5. reconstructing device according to claim 1, wherein said Visitor Logs unit are further used for obtaining this physical block current state before the mark physics bulk state, if current state is then returned otherwise continuation for writing.

6. a RAID array rebuild method is used to carry out the RAID array rebuild operation in the network store system, and wherein said RAID array is divided into big or small same physical piece in advance, and this method comprises:

A, when creating logical resource, be that logical resource distributes one or more physical blocks, and the corresponding relation between record logical resource and the physical block;

B, resource access record sheet of maintenance, this resource access record sheet is used to write down each physical block and whether has been written into data; And when having data to write physical block with the status indication of this physical block in the resource access record sheet for writing, and when said logical resource is deleted, with the status indication of this logical resource corresponding physical piece in the resource access record for not writing; And

C, when rebuilding the RAID array, obtaining the physical block of state for having write according to said resource access record sheet, is that the unit rebuilds for the physical block that has write state with the physical block.

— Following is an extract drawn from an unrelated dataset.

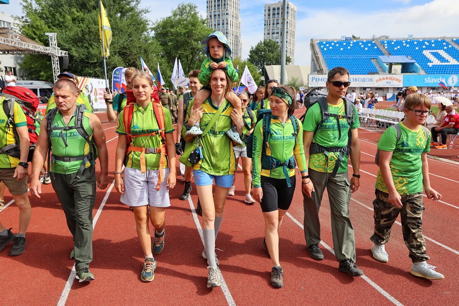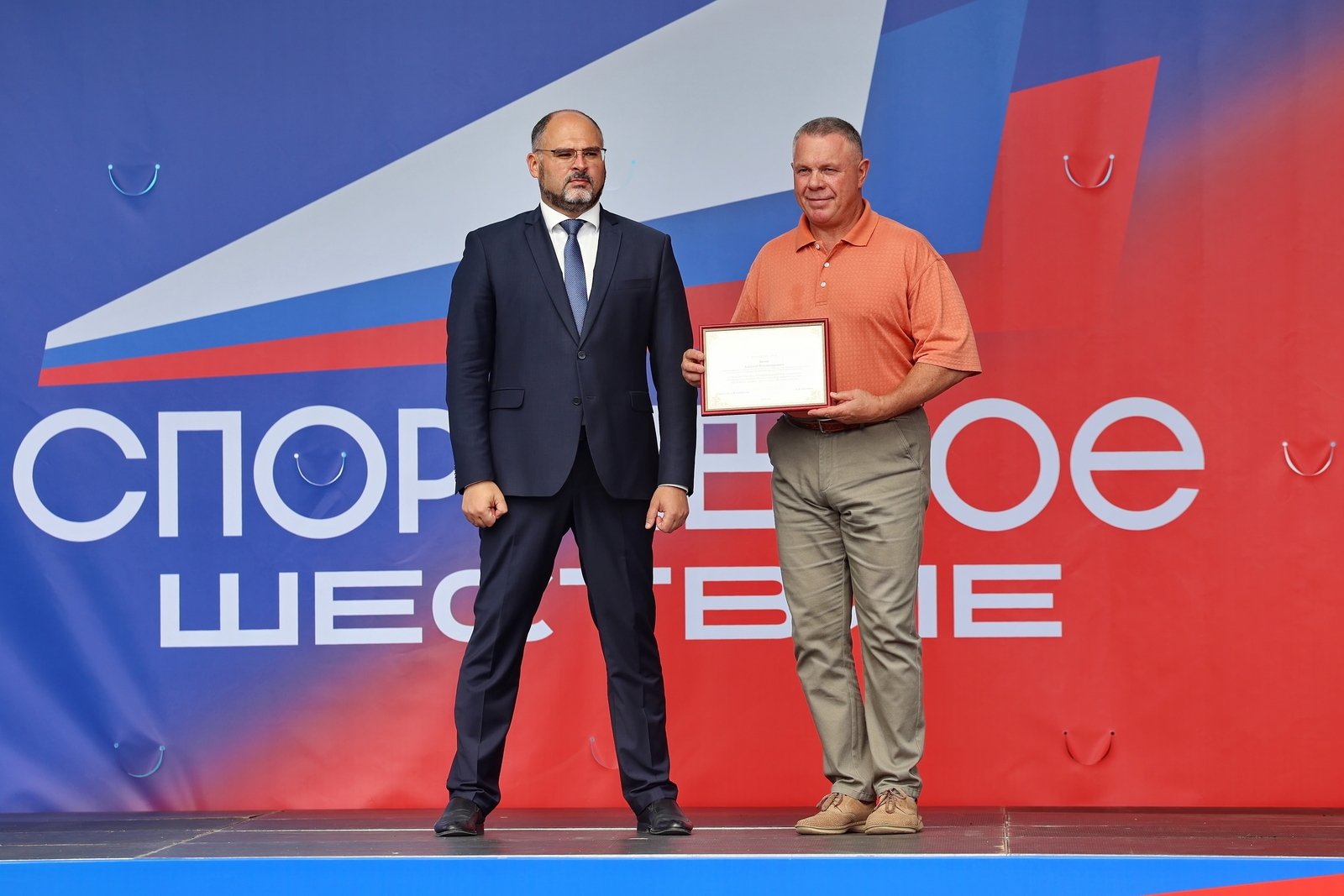 В праздничной колонне прошли гимнасты, хоккеисты, футболисты, стрелки, шахматисты, легкоатлеты, а также спидвейная команда "Восток", которая лидирует в нынешнем командном чемпионате России. Вместе со всеми шел капитан "Востока", шестикратный чемпион страны, чемпион Европы Григорий Лагута.

7. method according to claim 6; It is characterized in that; Step C further is included in when finding to have in the process of reconstruction new data write state to be the physical block that does not write, and the heat that the data that need the Write fault disk is write this failed disk and correspondence is equipped with disk.

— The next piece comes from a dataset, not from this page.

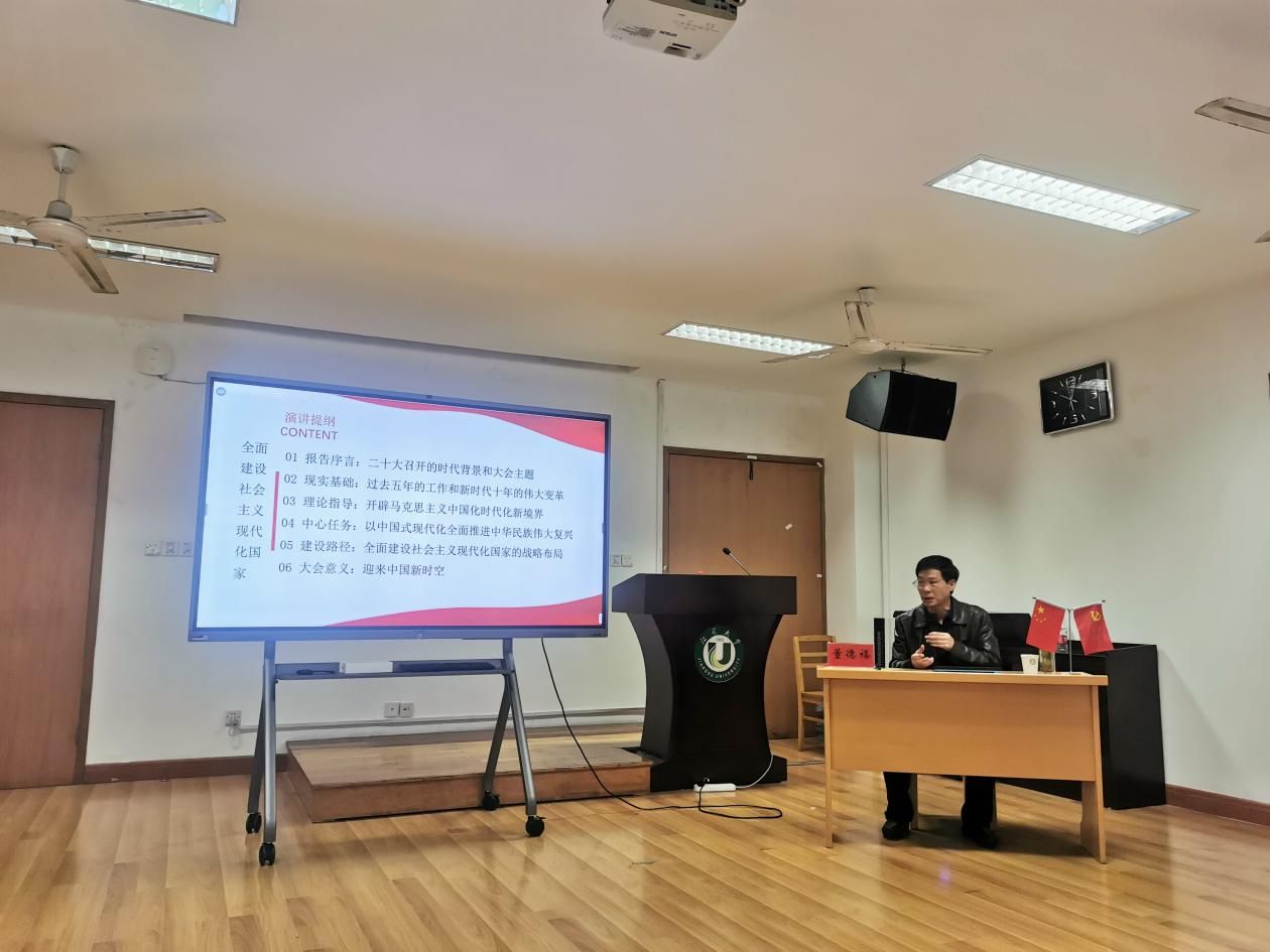 报告会上,董德福教授从二十大召开的时代背景和大会主题、过去五年的工作和新时代十年的伟大变革、开辟马克思主义中国化时代化新境界、以中国式现代化全面推进中华民族伟大复兴、全面建设社会主义现代化国家的战略布局、迎来中国新时空这六个方面为我们清晰阐述了全面建设社会主义现代化国家,紧贴党的二十大报告内容,让我们对中国式现代化、对党的二十大精神进行了全面系统深入的宣传解读。

8. method according to claim 6 is characterized in that, also comprises:

D, deal with data read write command are if handle failure then return, if write order and handle and successfully then change step B over to.

9. method according to claim 6; Wherein step B further comprises: before mark physics bulk state; Check whether said resource access record sheet is effective,, otherwise do not upgrade and change other different reconstruction process flow processs over to if then upgrade said resource access record sheet; And whether inspection upgrades success when upgrading said physical block state, if upgrades successfully then continuation, otherwise said resource access record sheet is labeled as invalid.

10. method according to claim 6, wherein said step B further comprises: before new physical block state more, obtaining this physical block current state, if current state is then returned otherwise continuation for writing.